◆ Work item ◆
Go over the data and copy out each line with "para" in it.

─── Raw data

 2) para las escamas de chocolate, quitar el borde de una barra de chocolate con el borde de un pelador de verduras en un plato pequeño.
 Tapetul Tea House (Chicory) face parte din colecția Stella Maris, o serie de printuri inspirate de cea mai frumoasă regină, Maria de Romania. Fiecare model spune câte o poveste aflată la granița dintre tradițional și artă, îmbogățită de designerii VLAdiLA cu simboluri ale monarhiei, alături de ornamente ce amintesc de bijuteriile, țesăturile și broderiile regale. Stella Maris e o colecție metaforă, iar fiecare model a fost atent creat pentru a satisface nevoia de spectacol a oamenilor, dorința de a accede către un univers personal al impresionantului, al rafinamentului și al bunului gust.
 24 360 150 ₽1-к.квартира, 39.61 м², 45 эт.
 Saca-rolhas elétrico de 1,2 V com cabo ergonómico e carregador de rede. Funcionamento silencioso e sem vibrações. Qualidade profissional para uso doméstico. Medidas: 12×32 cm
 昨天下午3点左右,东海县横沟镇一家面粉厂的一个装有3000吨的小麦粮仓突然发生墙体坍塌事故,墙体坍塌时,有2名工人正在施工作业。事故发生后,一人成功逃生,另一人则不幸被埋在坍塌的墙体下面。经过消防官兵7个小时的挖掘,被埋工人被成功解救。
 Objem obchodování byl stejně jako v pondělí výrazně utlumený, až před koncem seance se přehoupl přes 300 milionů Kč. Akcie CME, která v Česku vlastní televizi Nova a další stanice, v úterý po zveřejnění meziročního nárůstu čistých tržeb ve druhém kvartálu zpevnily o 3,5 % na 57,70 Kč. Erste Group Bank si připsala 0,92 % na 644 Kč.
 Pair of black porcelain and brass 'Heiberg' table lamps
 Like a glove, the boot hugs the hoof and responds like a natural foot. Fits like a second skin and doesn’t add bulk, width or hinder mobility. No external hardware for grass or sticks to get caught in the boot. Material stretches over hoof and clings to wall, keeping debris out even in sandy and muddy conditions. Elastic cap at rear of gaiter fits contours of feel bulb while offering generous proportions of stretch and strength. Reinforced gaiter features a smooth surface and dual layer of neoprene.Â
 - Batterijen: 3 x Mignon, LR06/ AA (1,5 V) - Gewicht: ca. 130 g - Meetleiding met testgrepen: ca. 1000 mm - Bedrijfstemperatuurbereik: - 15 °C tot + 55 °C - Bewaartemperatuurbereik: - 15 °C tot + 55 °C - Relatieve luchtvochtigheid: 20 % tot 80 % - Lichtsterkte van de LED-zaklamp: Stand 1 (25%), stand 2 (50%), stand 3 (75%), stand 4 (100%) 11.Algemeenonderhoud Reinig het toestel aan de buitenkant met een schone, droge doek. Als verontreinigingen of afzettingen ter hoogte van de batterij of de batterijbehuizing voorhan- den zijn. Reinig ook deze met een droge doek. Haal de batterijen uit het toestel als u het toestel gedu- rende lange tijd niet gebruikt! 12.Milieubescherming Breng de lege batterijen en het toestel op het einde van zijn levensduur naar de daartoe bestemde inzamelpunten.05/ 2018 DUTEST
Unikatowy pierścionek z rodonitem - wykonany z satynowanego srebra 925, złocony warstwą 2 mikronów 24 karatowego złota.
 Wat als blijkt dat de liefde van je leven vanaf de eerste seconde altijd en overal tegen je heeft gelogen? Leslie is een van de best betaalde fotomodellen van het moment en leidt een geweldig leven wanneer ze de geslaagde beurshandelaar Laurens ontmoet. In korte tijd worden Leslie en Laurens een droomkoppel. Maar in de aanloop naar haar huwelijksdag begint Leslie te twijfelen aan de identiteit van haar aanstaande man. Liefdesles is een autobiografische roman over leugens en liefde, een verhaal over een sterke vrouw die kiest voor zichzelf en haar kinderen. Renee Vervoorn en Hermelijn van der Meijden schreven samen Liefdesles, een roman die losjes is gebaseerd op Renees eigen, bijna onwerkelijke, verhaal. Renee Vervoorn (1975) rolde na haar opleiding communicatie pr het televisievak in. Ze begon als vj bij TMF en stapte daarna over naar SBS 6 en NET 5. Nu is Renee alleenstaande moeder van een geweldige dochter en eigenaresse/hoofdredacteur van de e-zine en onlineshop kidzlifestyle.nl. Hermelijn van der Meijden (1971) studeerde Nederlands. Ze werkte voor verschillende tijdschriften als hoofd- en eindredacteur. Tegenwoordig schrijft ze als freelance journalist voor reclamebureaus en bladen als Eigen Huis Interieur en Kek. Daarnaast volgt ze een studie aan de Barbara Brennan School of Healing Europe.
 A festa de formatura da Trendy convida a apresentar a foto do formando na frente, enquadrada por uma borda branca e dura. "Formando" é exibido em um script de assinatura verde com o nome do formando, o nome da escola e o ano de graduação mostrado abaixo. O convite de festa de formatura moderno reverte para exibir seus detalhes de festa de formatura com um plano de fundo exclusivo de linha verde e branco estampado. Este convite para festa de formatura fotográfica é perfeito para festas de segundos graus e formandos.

──────

◆ Result for this exercise ◆
 2) para las escamas de chocolate, quitar el borde de una barra de chocolate con el borde de un pelador de verduras en un plato pequeño.
 Saca-rolhas elétrico de 1,2 V com cabo ergonómico e carregador de rede. Funcionamento silencioso e sem vibrações. Qualidade profissional para uso doméstico. Medidas: 12×32 cm
 A festa de formatura da Trendy convida a apresentar a foto do formando na frente, enquadrada por uma borda branca e dura. "Formando" é exibido em um script de assinatura verde com o nome do formando, o nome da escola e o ano de graduação mostrado abaixo. O convite de festa de formatura moderno reverte para exibir seus detalhes de festa de formatura com um plano de fundo exclusivo de linha verde e branco estampado. Este convite para festa de formatura fotográfica é perfeito para festas de segundos graus e formandos.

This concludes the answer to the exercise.